Urea is used as fertilizer in Brazil’s crops and is affected by the natural gas market, its main input, whose prices—like those of oil—have surged with the war in the Middle East. Qatar, whose only maritime outlet is the Gulf Sea, where the Strait of Hormuz is located, is a major gas producer. “We’ve been tracking urea prices in Brazil and they have already risen by 33% since the start of the conflict,” CNA technical director Bruno Lucchi told ANBA.
Brazil, however, still has some breathing room before feeling the impact of urea prices, since it is mainly used to fertilize corn. “The crop is being planted now and fertilization has begun, so what needed to be used this season has already been purchased,” Lucchi explains. Urea for the next corn crop may be bought over the course of this semester. “So, we would still have a few weeks in which producers could wait a bit longer to see where the market goes,” Lucchi says.
The impact of diesel prices, however, is already being felt on rural properties that rely on fuel stations. The effect of the international rise in oil prices has not yet reached Brazil, but some stations are already charging more. “We’ve received information that some regions have seen increases of between BRL 1-1.50 [USD 0.20-0.30] at the pump,” Lucchi said about the price per liter. Due to the increase driven by the external scenario, CNA on Friday (6) urged Brazil’s Ministry of Mines and Energy to raise the mandatory biodiesel blend in diesel in the country from the current 15% to 17%.
“Producers need diesel at this moment, when crop management practices for what was planted in the second harvest are being applied. In much of Brazil, producers are harvesting soybeans right now, or planting corn, or carrying out crop management. The use of machinery in the field is intense at this time,” Lucchi explains. Waiting to harvest or plant would affect output and productivity. The technical director also notes that much of farm logistics is done by truck. Like tractors and harvesters, trucks in Brazil mainly run on diesel.
Agribusiness has direct trade with Iran, but the main product exported to the Persian country is corn, whose largest volumes are shipped from August to January. Soybeans and sugar, the second- and third-largest products exported to Iran, could be redirected to other markets, according to Lucchi. “What are we most concerned about in exports? Meats, particularly chicken, when we look at the entire Middle East. We send 29% of all the chicken we export to this region,” Lucchi says.

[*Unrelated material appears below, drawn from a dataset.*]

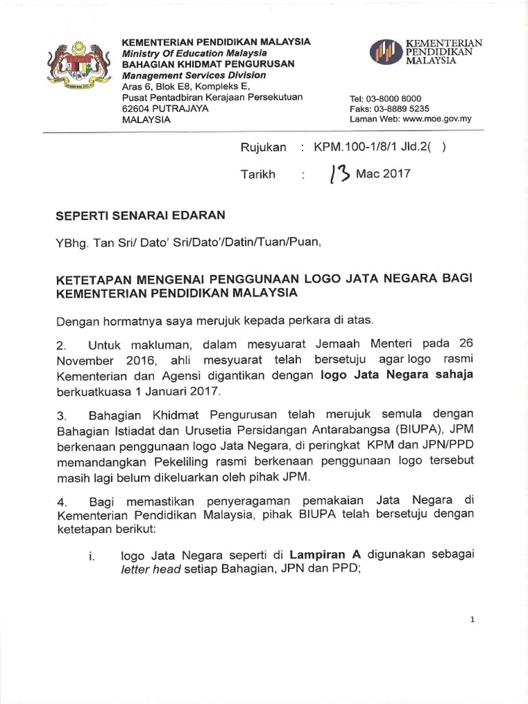 Untuk Kegunaan Rasmi Sahaja Bahagian Istiadat Dan Urusetia
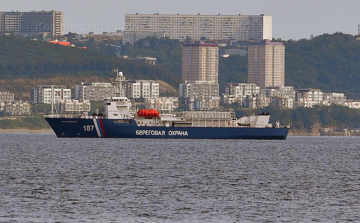 Views of Vladivostok. Genre photography. The Coast Guard ship is off the coast of the city.

According to him, industries have been trying alternative routes and adjusting logistics to deliver the product to the region.
Conflict raises cargo insurance costs
Maritime transport for agribusiness products, as well as for other sectors, is already being heavily impacted. “Freight is much more expensive. Insurance, which used to be 0.25% of the cargo’s value, is already reaching 1%, so this raise costs a lot,” says Lucchi. Freight rates have increased for shipments to all regions, and insurance has risen for the affected area. “With route diversions and many ships staying in some ports longer than necessary, companies also have to pay penalties for remaining docked beyond the scheduled time,” he explains.

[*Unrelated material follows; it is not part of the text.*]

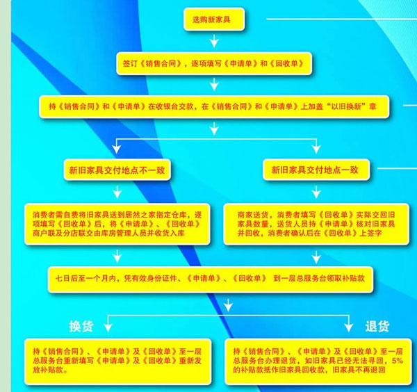據(jù)了解,居然之家2013年3月9日起在昆明推出家具“以舊換新”活動(dòng)。以舊換新“的意思是指,消費(fèi)者在購(gòu)買新家具的同時(shí),可以申請(qǐng)將舊家具交居然之家收回,居然之家按消費(fèi)者新購(gòu)家具交款金額的5%給予現(xiàn)金補(bǔ)貼,單件家具補(bǔ)貼金額不超過(guò)600元。同一類新舊家具數(shù)量原則上不能超過(guò)1:1,即同一品類回收家具數(shù)量不得少于新購(gòu)買家具的數(shù)量,只要求數(shù)量上的對(duì)應(yīng),不嚴(yán)格區(qū)分新舊家具的規(guī)格、大小和材質(zhì)。由于櫥柜、衣柜等不可移動(dòng)家具參加“以舊換新“活動(dòng)較為復(fù)雜,因此,“以舊換新“活動(dòng)只限可移動(dòng)家具。居然之家對(duì)具體操作流程也進(jìn)行了詳細(xì)的圖解:

Lucchi says CNA is closely monitoring developments in the conflict and notes that the analysis is highly specific because everything can change in a short period of time. According to him, the impacts will depend on how long the conflict lasts. “With these logistical issues, which weigh heavily, imported products will become more expensive. If diesel prices rise, all of Brazil’s logistics will be affected, not just agribusiness. Everything that depends on transport will become more expensive,” he says.
Arab countries in the Gulf region have been affected by the conflict, with Iranian attacks and other repercussions. Arab nations such as Iraq, Bahrain, Kuwait, and Qatar have maritime access only through the Gulf Sea, where the Strait of Hormuz is located. Saudi Arabia has major ports in the Gulf Sea but also has maritime access through the Red Sea. The United Arab Emirates has maritime access only through the Gulf Sea, though a small part of its coastline lies before the strait. Other Arab countries in the Middle East, such as Oman and Yemen, have sea access independent of the Strait of Hormuz.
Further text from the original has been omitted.